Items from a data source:
= = =

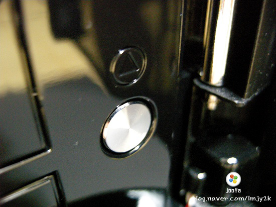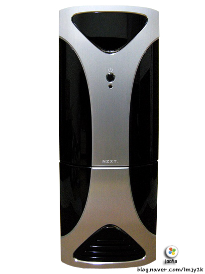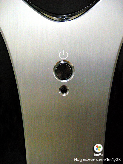 먼저, 제품의 전면부터 살펴보면 X자형의 디자인을 갖추고 있으며 은색부분은 알루미늄 재질로 되어있다. 그 외에 검정색 부분은 모두 하이그로시 광택 처리를 해놓은 상태이다. 물론 제품 전체적으로도 광택처리를 해놓았다. 그리고 제로케이스는 전면이 도어 방식으로 되어있어 전면 드라이브베이를 모두 가리고 있다. 일단 도어 상단부분 중앙쯤에는 파워버튼과 HDD LED가 위치하고 있으며 도어 하단부분에는 로고가 새겨져 있다. 그리고 케이스의 하단부분에는 외부의 바람을 흡입할 수 있도록 통풍구 처리가 되어있다.
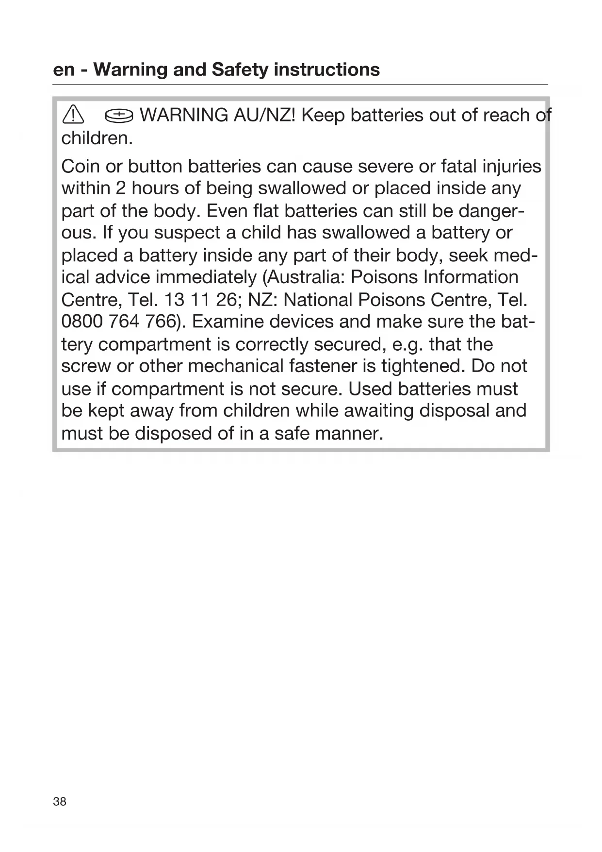 WARNING AU/NZ! Keep batteries out of reach of children. Coin or button batteries can cause severe or fatal injuries within 2 hours of being swallowed or placed inside any part of the body. Even flat batteries can still be danger- ous. If you suspect a child has swallowed a battery or placed a battery inside any part of their body, seek med- ical advice immediately (Australia: Poisons Information Centre, Tel. 13 11 26; NZ: National Poisons Centre, Tel. 0800 764 766). Examine devices and make sure the bat- tery compartment is correctly secured, e.g. that the screw or other mechanical fastener is tightened. Do not use if compartment is not secure. Used batteries must be kept away from children while awaiting disposal and must be disposed of in a safe manner.en - Warning and Safety instructions
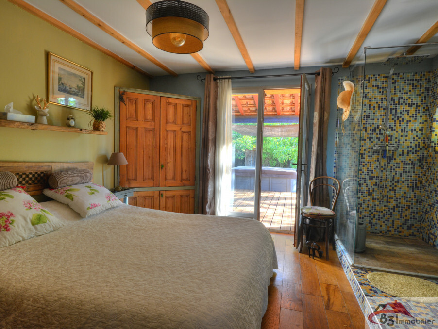 Pour vos activités personnelles, professionnelles ou locatives, un spacieux cabanon en bois de 45m² avec un sol en travertin, isolé et climatisé complète l'ensemble.
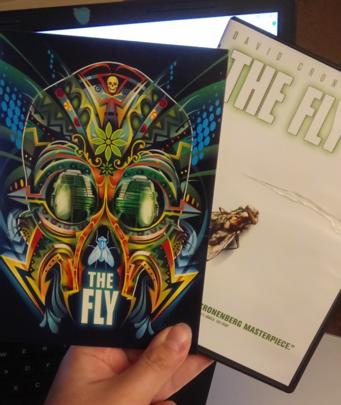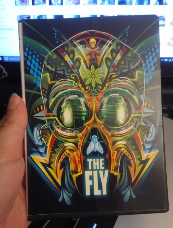 Now, I don't actually need any horror movie on DVD in this golden age of internet streaming, and I don't even need to buy any of these DVD's to appreciate artwork that's already been posted on a number of other websites, but for only five bucks, I just had to pick up such a special copy of The Fly. It's not even one of my favorite movies as a movie, but it definitely contains my favorite movie monster, and just look at that cover! We've got a face appropriately evocative of a human skull, a machine and an insect, complete with fly-like hairs and the notorious telepods themselve as its eyes. That is absolutely too cool for its own good.
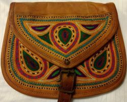 Camel leather bag with hand embroidery fashion
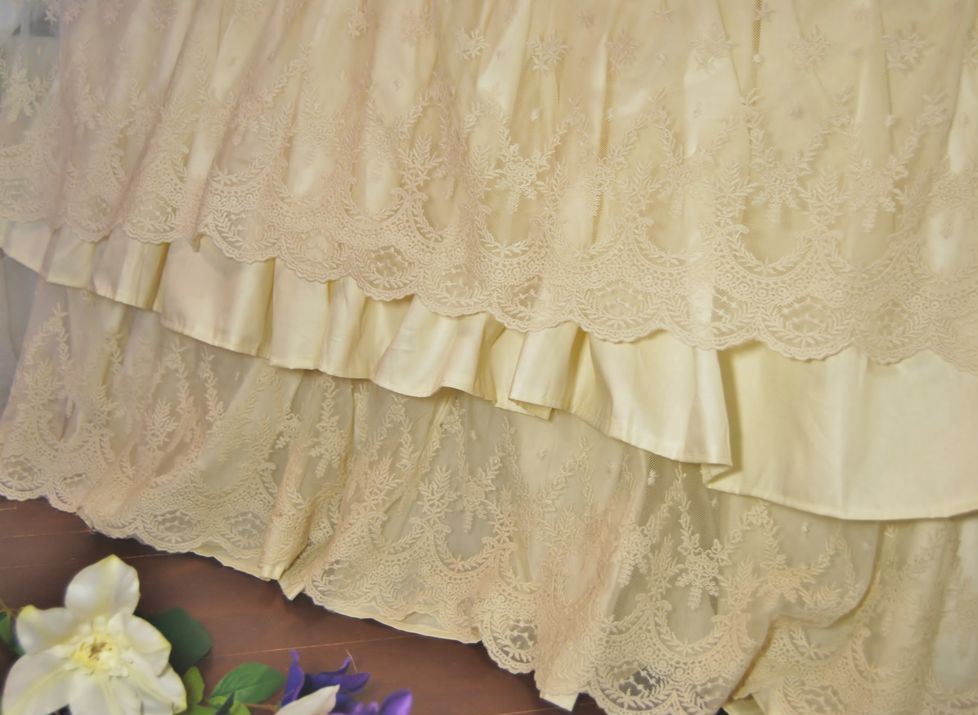 Ein Volant ist eine Rüsche, die verwendet wird, um ein Bett zu schmücken, es umrahmt die untere Kante des Bettes. In manchen Ländern wird es auch "Rock" genannt. Dieses Element des Dekors ist seit der Antike bekannt, sogar unsere Großmütter und Urgroßmütter nutzten es, um ein Bett zu entwerfen.
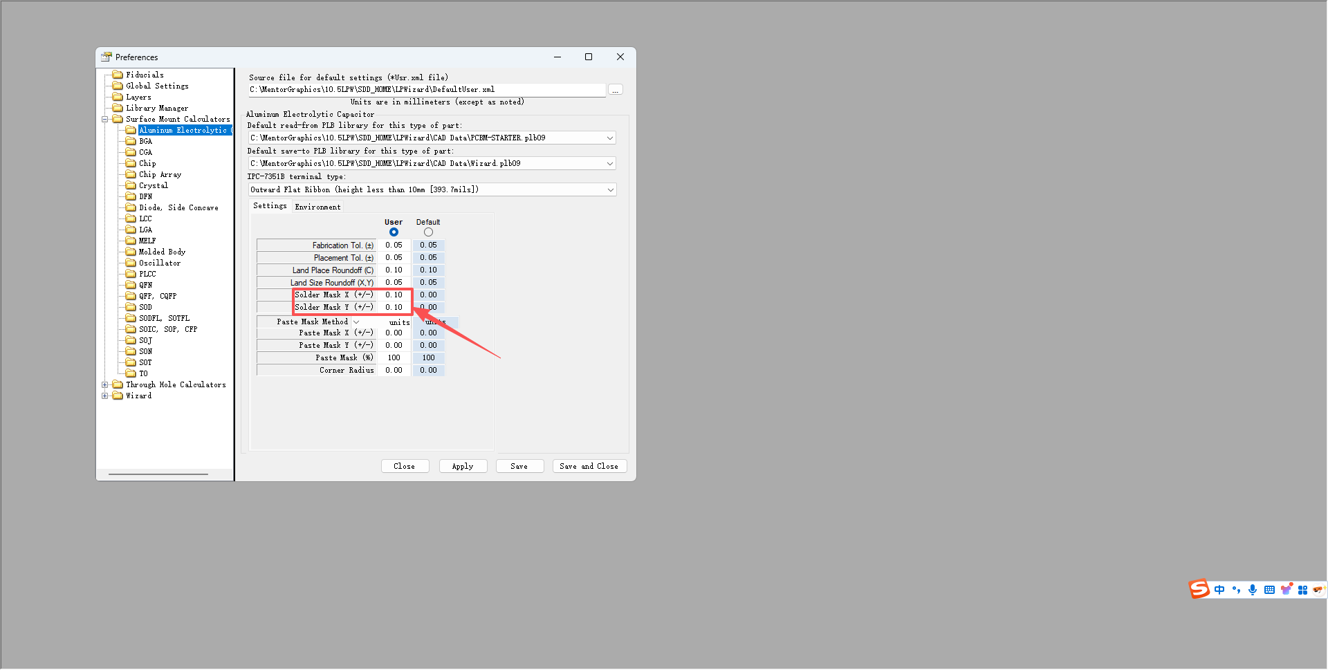 第二步:点击使用“User”,修改Solder Mask x和Solder Masker Y的误差值为“0.10”mm。
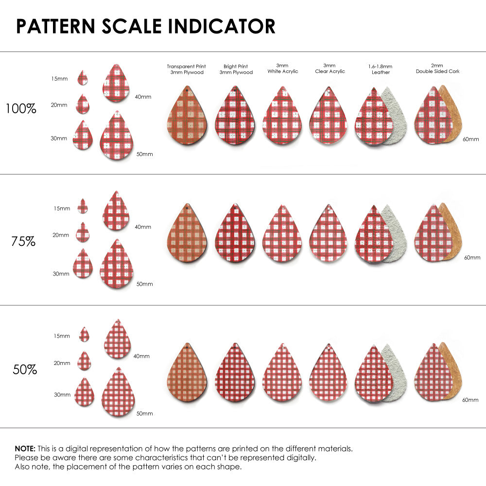 The catalogue image shown is one repeat. If the pattern is seamless, we repeat the pattern to fit to the sheet size, and then scale it so it is suitable for small pieces like earrings.
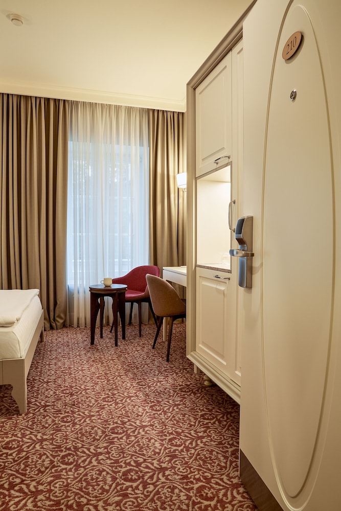 W czasie pobytu w obiekcie takim jak Ratonda Centrum Hotels znajdziesz się w samym centrum miasta Wilno, bardzo blisko atrakcji takiej jak Prospekt Giedymina i 4 minut piechotą od miejsca takiego jak Litewska Biblioteka Narodowa im. Martynasa Mazvydasa. Hotel znajduje się 0,3 km od atrakcji takiej jak Budynek Sejmu Republiki Litewskiej i 0,4 km od miejsca takiego jak Plac Książęcy. Poczuj się jak w domu w 43 oryginalnie udekorowane pokojach, których wyposażenie to minibar i telewizor płaskoekranowy. Bezpłatny bezprzewodowy dostęp do internetu zapewni łączność ze światem, a telewizja satelitarna — rozrywkę. Wyposażenie łazienki: wanny lub prysznice, bezpłatne przybory toaletowe i suszarki do włosów. Udogodnienia obejmują telefon oraz sejfy i biurka. Udogodnienia biznesowe to centrum biznesowe, ekspresowe zameldowanie oraz ekspresowe wymeldowanie. Jeżeli planujesz spotkanie w mieście Wilno, hotel oferuje centrum konferencyjne oraz sale konferencyjne o łącznej powierzchni 88 m kw. (947 stopy kwadratowe). Płatne udogodnienia to transport z lotniska do hotelu (całą dobę). Dostępne udogodnienia rekreacyjne to sauna i całodobowe centrum fitness. Ten hotel oferuje również udogodnienia takie jak bezpłatny bezprzewodowy dostęp do internetu, obsługa portierska i sklepy z pamiątkami i czasopismami. W obiekcie takim jak hotel do dyspozycji gości są restauracja, a także obsługa pokojowa (w określonych godzinach). Ożywcze napoje znajdziesz w jednym z lokali: bar/salon klubowy. Hotelstars Union dokonuje oficjalnej klasyfikacji struktur noclegowych w tym kraju (Litwa). Klasyfikacja tego obiektu to 4 stars.

= = =

An exact transcription is needed of the lines from the one with "Ein Volant ist" to the one with "The catalogue image" above, both ends included, with pictures left out.

• FINAL ANSWER
 Ein Volant ist eine Rüsche, die verwendet wird, um ein Bett zu schmücken, es umrahmt die untere Kante des Bettes. In manchen Ländern wird es auch "Rock" genannt. Dieses Element des Dekors ist seit der Antike bekannt, sogar unsere Großmütter und Urgroßmütter nutzten es, um ein Bett zu entwerfen.
 第二步:点击使用“User”,修改Solder Mask x和Solder Masker Y的误差值为“0.10”mm。
 The catalogue image shown is one repeat. If the pattern is seamless, we repeat the pattern to fit to the sheet size, and then scale it so it is suitable for small pieces like earrings.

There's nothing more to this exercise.